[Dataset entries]
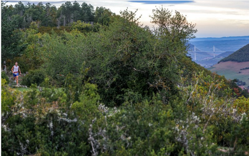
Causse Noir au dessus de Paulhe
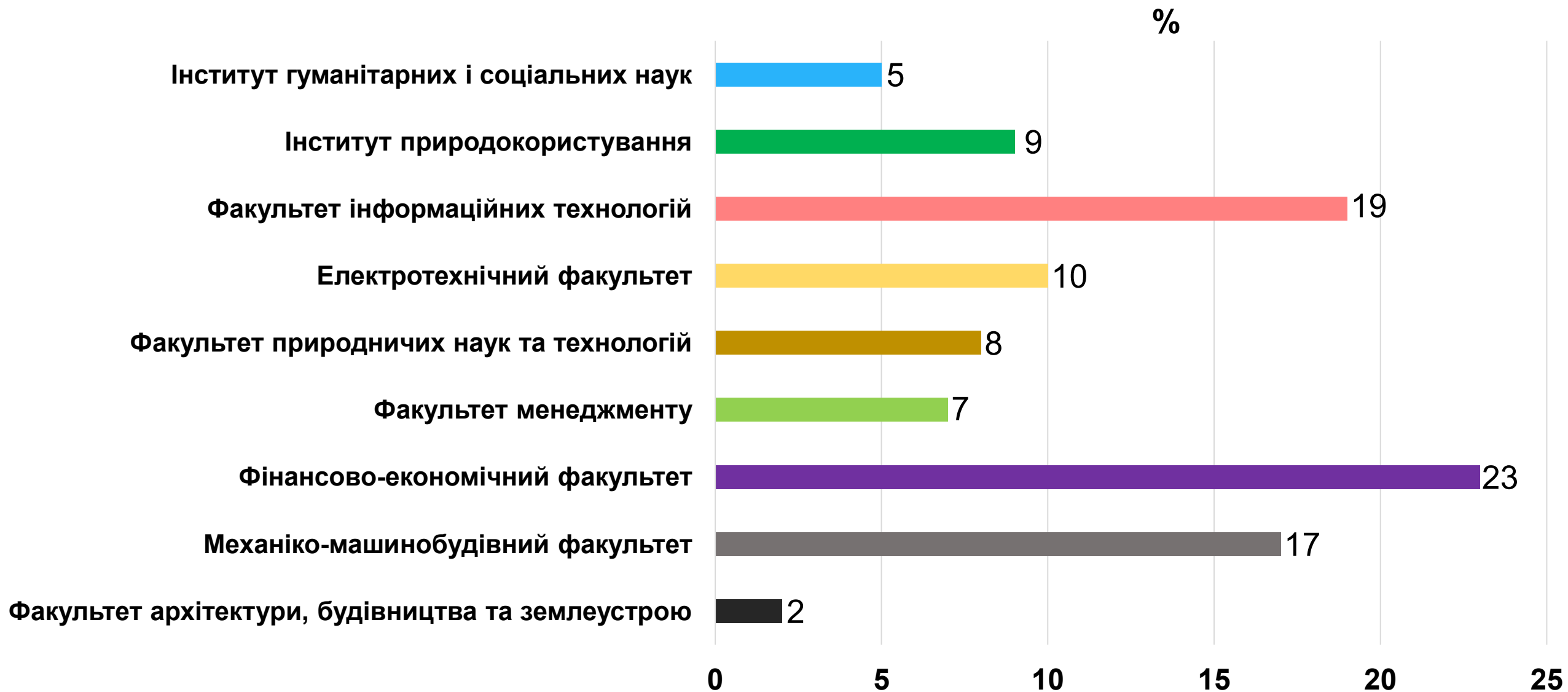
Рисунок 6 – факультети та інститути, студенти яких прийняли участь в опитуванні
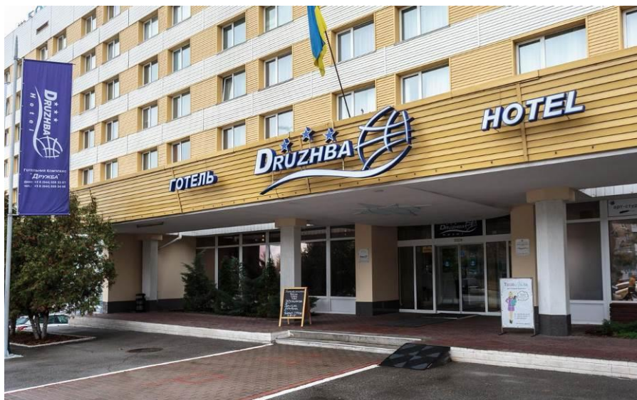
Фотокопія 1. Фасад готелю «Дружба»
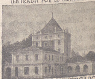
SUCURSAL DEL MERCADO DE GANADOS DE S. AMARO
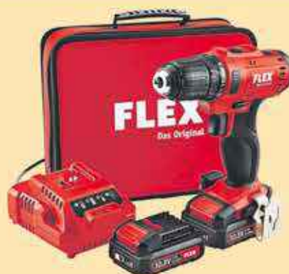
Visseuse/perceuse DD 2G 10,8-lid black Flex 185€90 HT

**THE TASK:** Leaving the pictures aside, copy exactly and only the lines from the one holding "Рисунок 6 –" through the final line of the data, both ends kept.

**ANSWER FOR THIS EXERCISE:**
Рисунок 6 – факультети та інститути, студенти яких прийняли участь в опитуванні
Фотокопія 1. Фасад готелю «Дружба»
SUCURSAL DEL MERCADO DE GANADOS DE S. AMARO
Visseuse/perceuse DD 2G 10,8-lid black Flex 185€90 HT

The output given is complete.